Stored data

<<<<

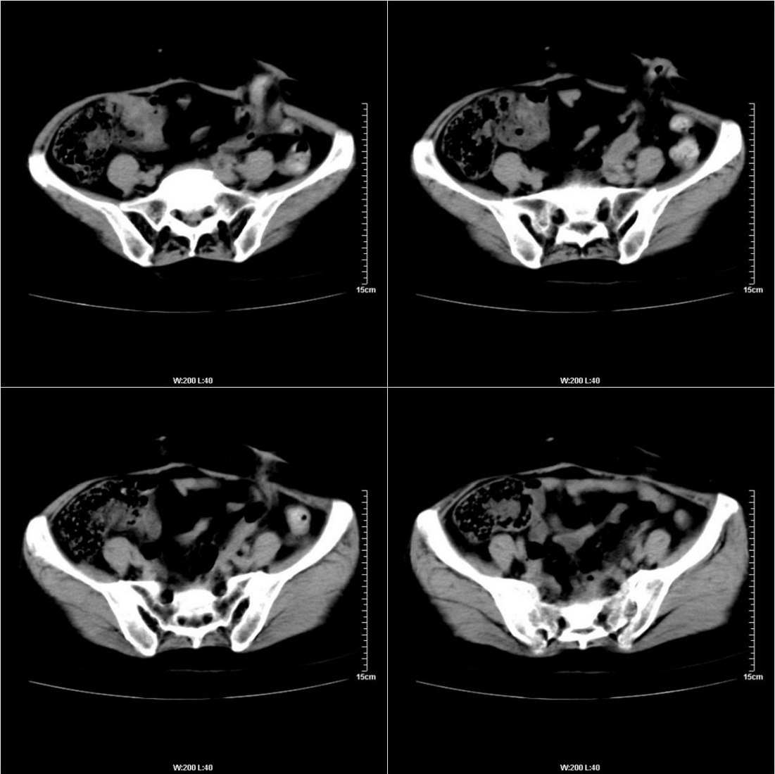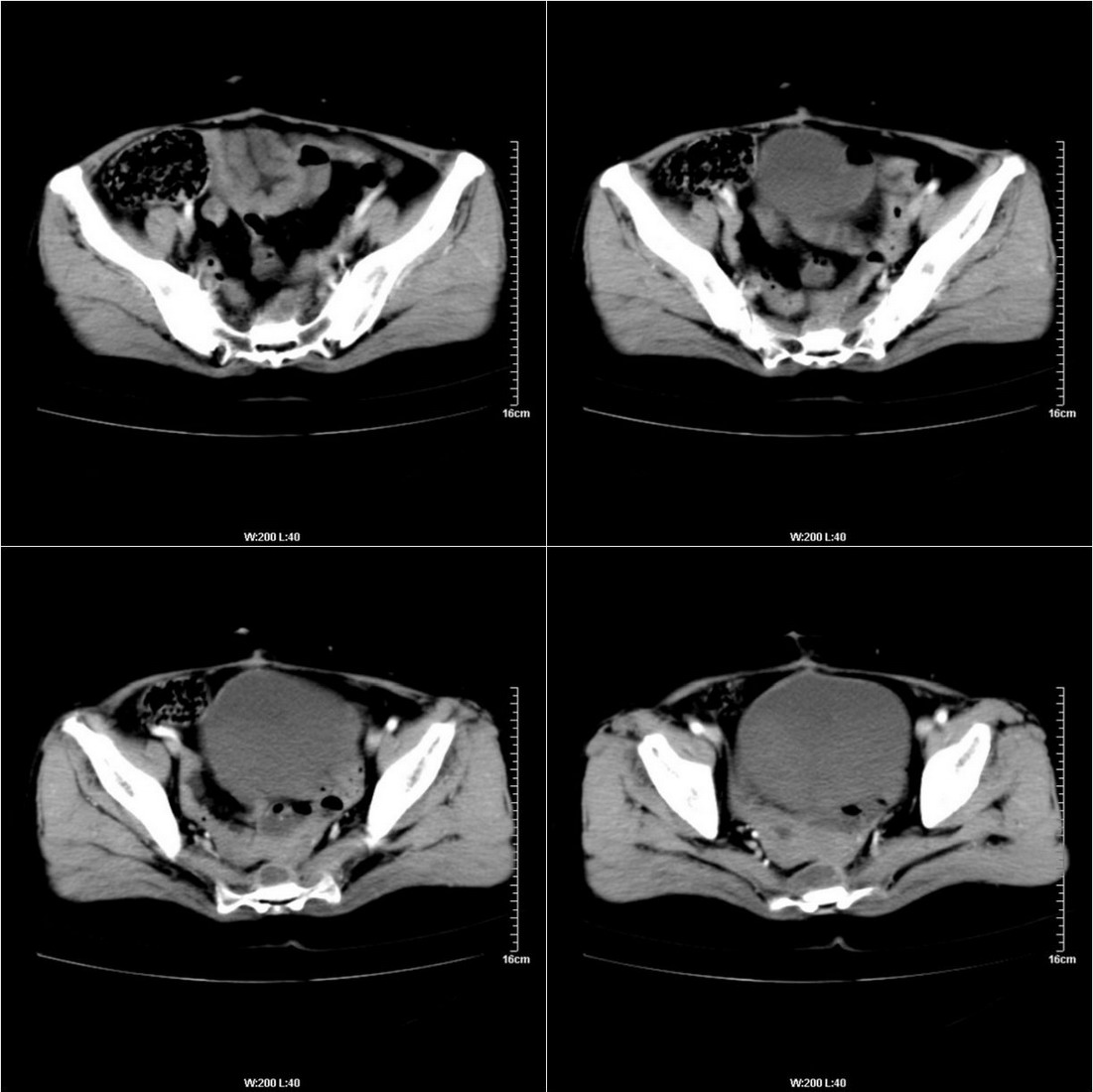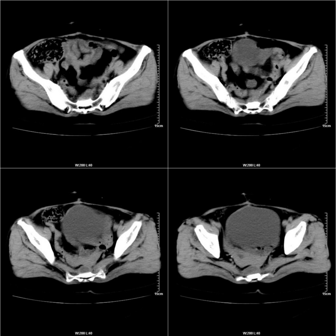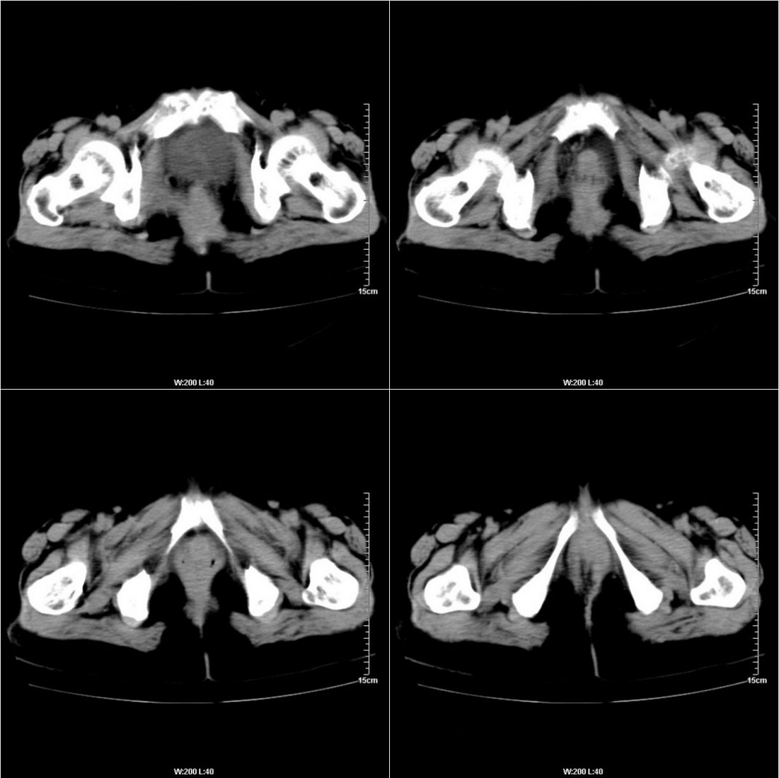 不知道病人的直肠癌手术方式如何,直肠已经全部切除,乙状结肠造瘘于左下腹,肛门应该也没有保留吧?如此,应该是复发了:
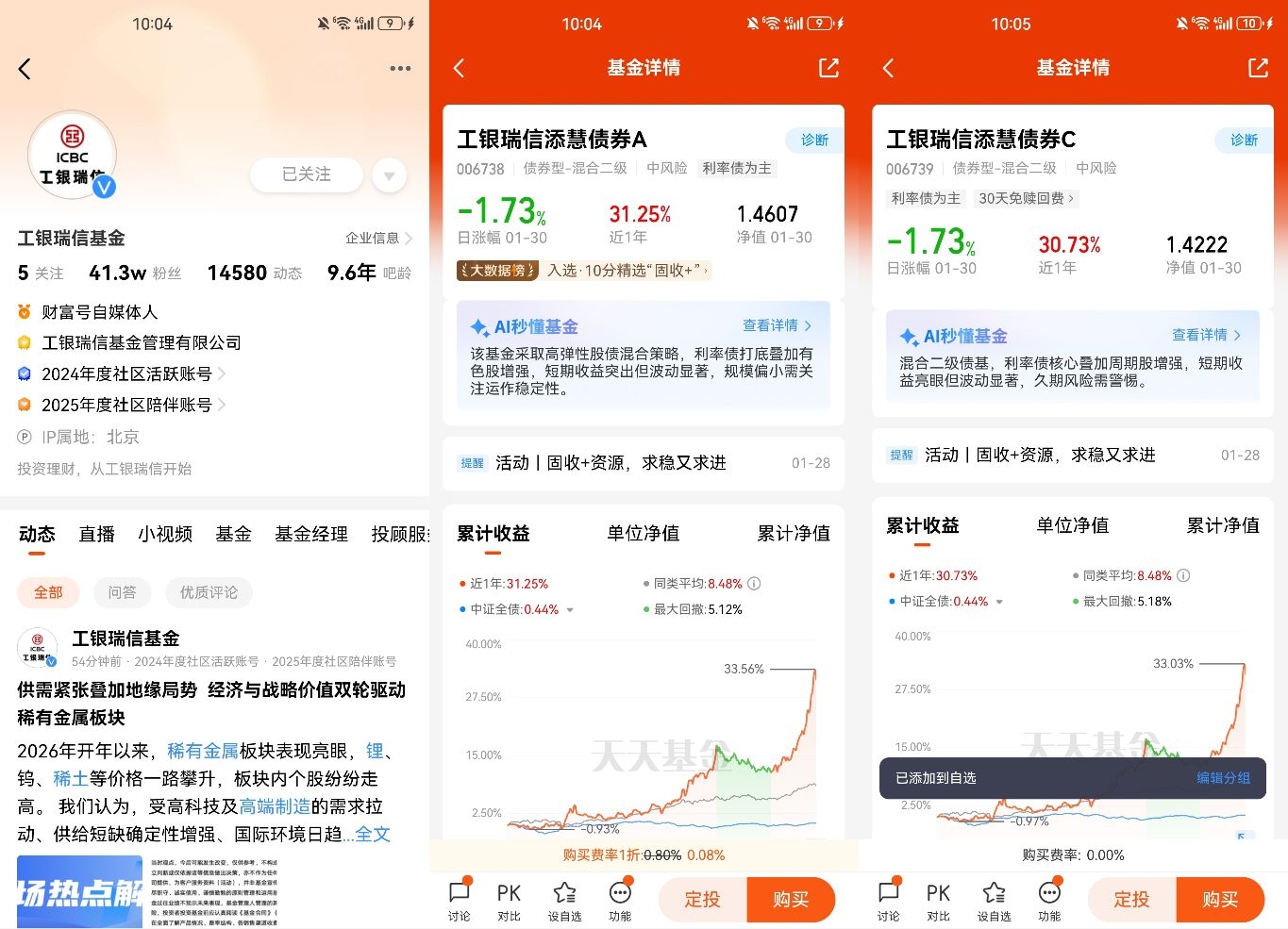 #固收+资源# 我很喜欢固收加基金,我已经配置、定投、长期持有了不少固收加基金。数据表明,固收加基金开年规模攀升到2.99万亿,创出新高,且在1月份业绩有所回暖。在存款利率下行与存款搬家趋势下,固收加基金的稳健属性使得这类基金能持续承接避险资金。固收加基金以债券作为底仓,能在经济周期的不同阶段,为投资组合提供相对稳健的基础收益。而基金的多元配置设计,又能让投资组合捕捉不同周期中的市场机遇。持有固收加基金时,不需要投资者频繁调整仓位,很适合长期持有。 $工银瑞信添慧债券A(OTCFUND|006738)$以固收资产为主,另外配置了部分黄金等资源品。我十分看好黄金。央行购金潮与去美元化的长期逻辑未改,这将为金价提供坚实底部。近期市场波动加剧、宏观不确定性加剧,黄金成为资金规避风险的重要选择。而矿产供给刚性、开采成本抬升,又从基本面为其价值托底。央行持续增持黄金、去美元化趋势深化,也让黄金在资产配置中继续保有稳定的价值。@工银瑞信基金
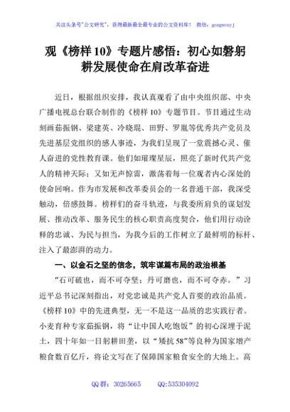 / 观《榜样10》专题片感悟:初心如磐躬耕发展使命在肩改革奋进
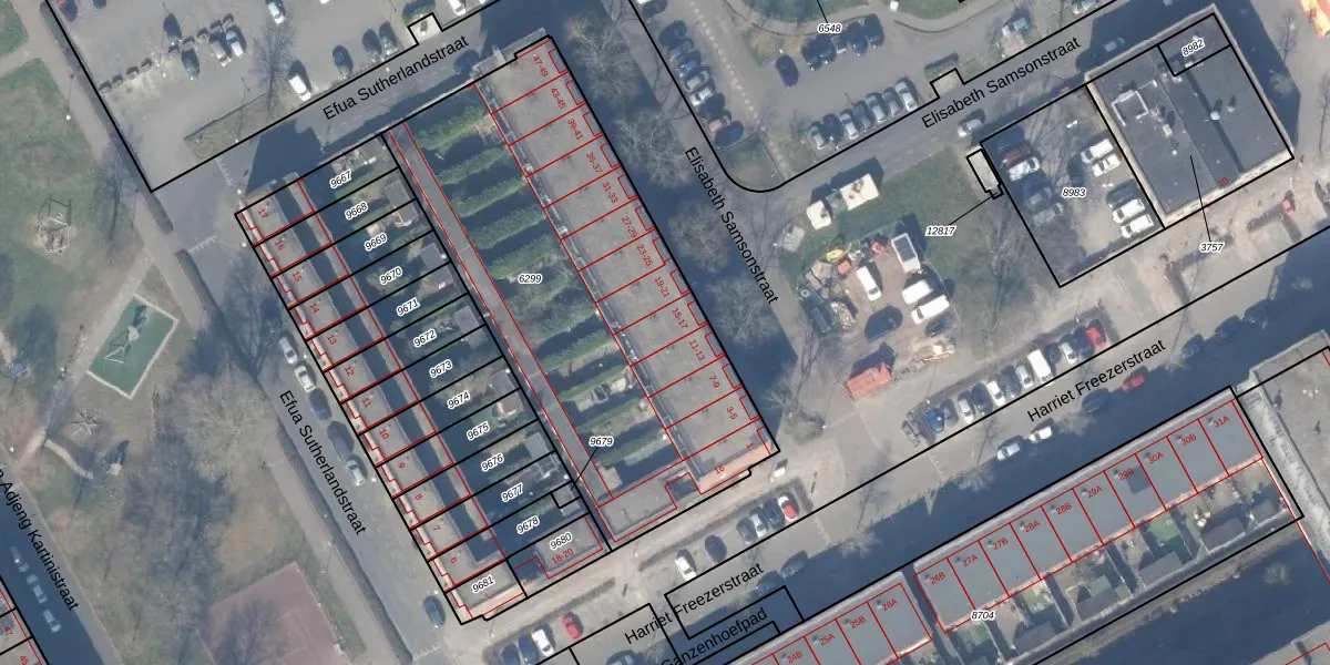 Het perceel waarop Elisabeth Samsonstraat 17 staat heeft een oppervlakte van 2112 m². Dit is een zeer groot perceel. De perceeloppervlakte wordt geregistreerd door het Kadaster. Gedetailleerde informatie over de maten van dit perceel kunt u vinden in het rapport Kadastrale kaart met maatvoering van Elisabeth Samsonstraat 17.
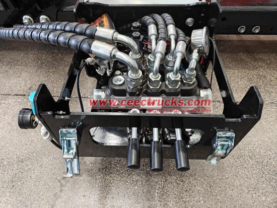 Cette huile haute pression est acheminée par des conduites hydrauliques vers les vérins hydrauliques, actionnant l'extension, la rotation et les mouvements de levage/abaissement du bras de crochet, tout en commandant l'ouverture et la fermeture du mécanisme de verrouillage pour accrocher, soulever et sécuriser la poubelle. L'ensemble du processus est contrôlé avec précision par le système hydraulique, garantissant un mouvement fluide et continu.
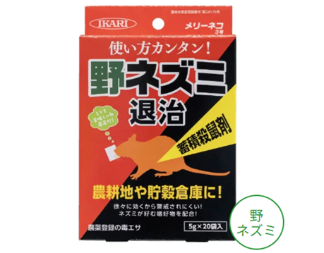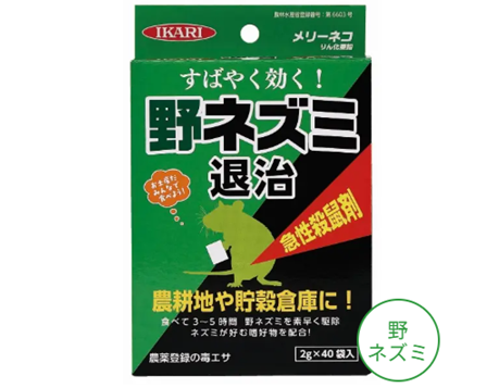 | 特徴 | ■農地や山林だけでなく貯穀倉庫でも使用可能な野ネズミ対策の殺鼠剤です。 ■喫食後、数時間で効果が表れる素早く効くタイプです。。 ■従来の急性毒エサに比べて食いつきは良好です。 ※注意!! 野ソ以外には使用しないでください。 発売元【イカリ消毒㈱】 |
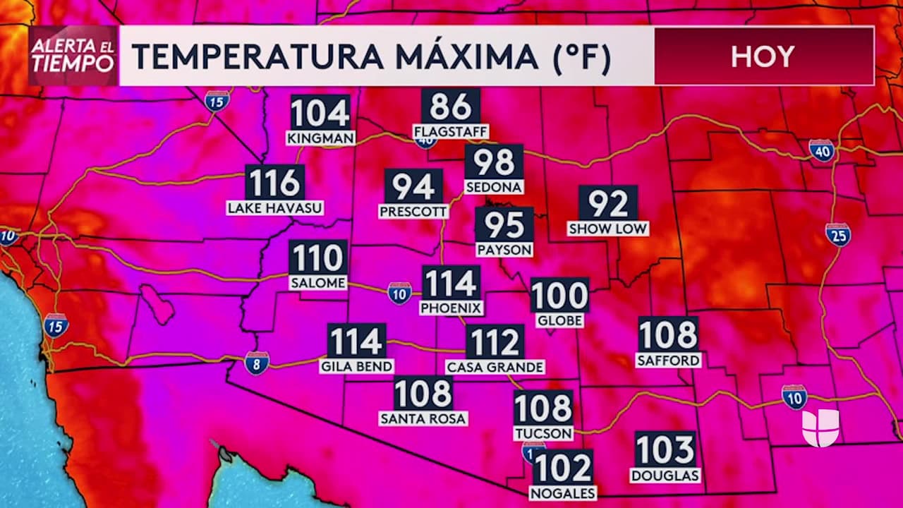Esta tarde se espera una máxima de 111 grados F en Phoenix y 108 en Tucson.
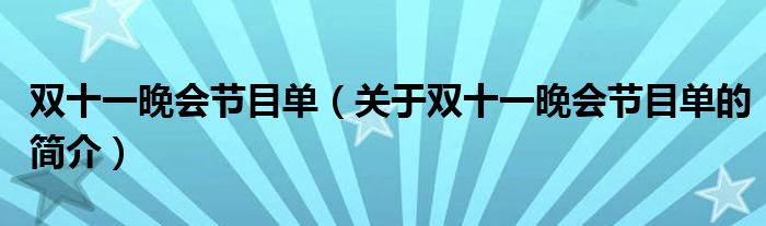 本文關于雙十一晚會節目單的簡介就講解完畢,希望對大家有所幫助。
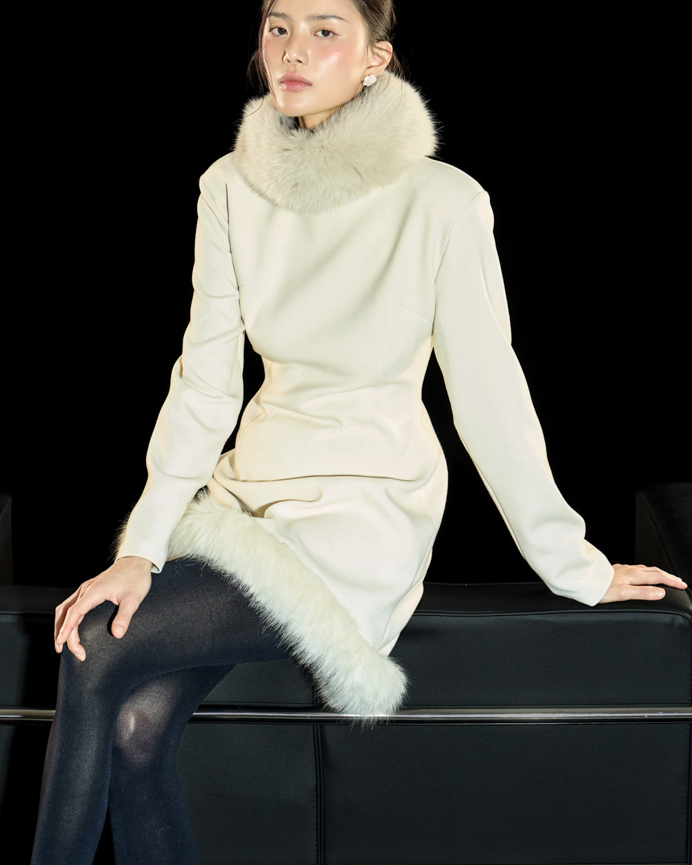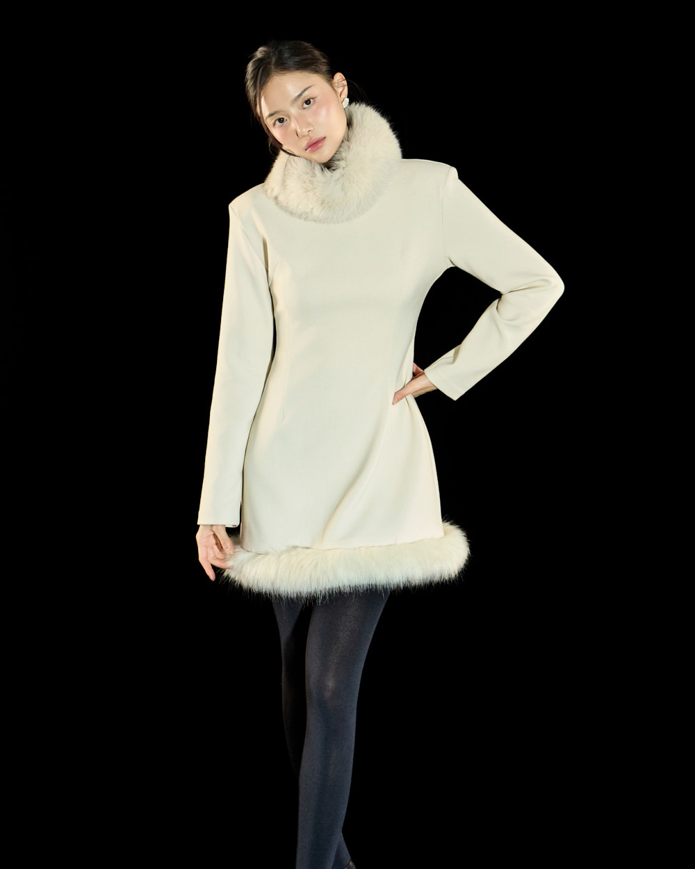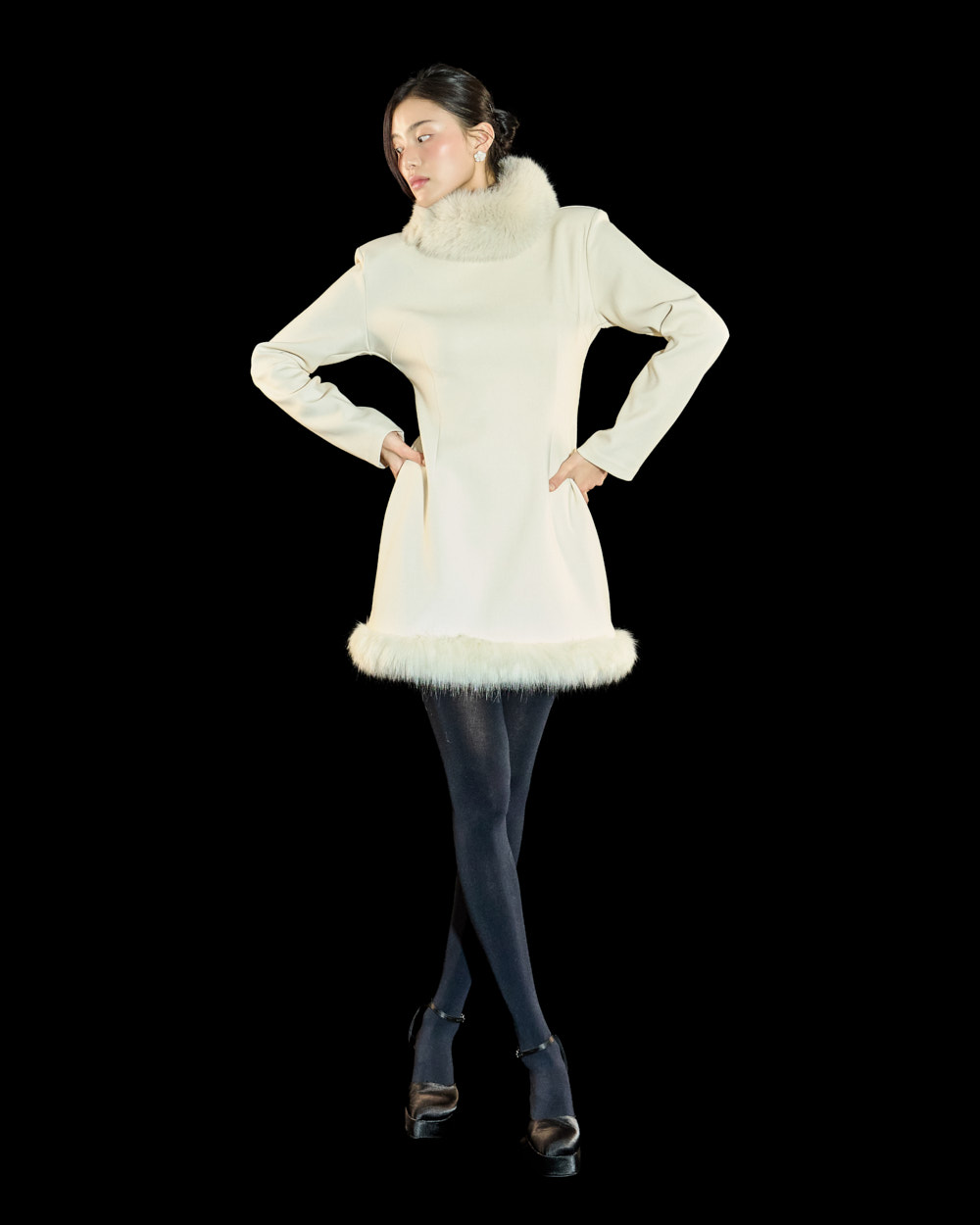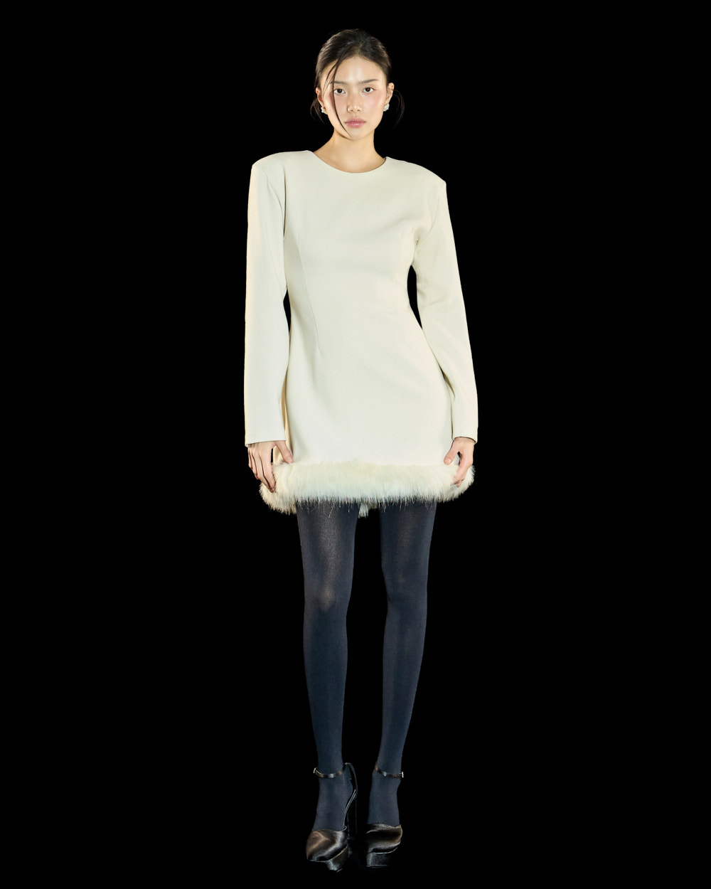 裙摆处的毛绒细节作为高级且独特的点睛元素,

>>>>

**WORK REQUIRED**
What the reply must contain is an exact transcription of the data above and none of its pictures.

**EXPECTED ANSWER**
 不知道病人的直肠癌手术方式如何,直肠已经全部切除,乙状结肠造瘘于左下腹,肛门应该也没有保留吧?如此,应该是复发了:
 #固收+资源# 我很喜欢固收加基金,我已经配置、定投、长期持有了不少固收加基金。数据表明,固收加基金开年规模攀升到2.99万亿,创出新高,且在1月份业绩有所回暖。在存款利率下行与存款搬家趋势下,固收加基金的稳健属性使得这类基金能持续承接避险资金。固收加基金以债券作为底仓,能在经济周期的不同阶段,为投资组合提供相对稳健的基础收益。而基金的多元配置设计,又能让投资组合捕捉不同周期中的市场机遇。持有固收加基金时,不需要投资者频繁调整仓位,很适合长期持有。 $工银瑞信添慧债券A(OTCFUND|006738)$以固收资产为主,另外配置了部分黄金等资源品。我十分看好黄金。央行购金潮与去美元化的长期逻辑未改,这将为金价提供坚实底部。近期市场波动加剧、宏观不确定性加剧,黄金成为资金规避风险的重要选择。而矿产供给刚性、开采成本抬升,又从基本面为其价值托底。央行持续增持黄金、去美元化趋势深化,也让黄金在资产配置中继续保有稳定的价值。@工银瑞信基金
 / 观《榜样10》专题片感悟:初心如磐躬耕发展使命在肩改革奋进
 Het perceel waarop Elisabeth Samsonstraat 17 staat heeft een oppervlakte van 2112 m². Dit is een zeer groot perceel. De perceeloppervlakte wordt geregistreerd door het Kadaster. Gedetailleerde informatie over de maten van dit perceel kunt u vinden in het rapport Kadastrale kaart met maatvoering van Elisabeth Samsonstraat 17.
 Cette huile haute pression est acheminée par des conduites hydrauliques vers les vérins hydrauliques, actionnant l'extension, la rotation et les mouvements de levage/abaissement du bras de crochet, tout en commandant l'ouverture et la fermeture du mécanisme de verrouillage pour accrocher, soulever et sécuriser la poubelle. L'ensemble du processus est contrôlé avec précision par le système hydraulique, garantissant un mouvement fluide et continu.
 | 特徴 | ■農地や山林だけでなく貯穀倉庫でも使用可能な野ネズミ対策の殺鼠剤です。 ■喫食後、数時間で効果が表れる素早く効くタイプです。。 ■従来の急性毒エサに比べて食いつきは良好です。 ※注意!! 野ソ以外には使用しないでください。 発売元【イカリ消毒㈱】 |
Esta tarde se espera una máxima de 111 grados F en Phoenix y 108 en Tucson.
 本文關于雙十一晚會節目單的簡介就講解完畢,希望對大家有所幫助。
 裙摆处的毛绒细节作为高级且独特的点睛元素,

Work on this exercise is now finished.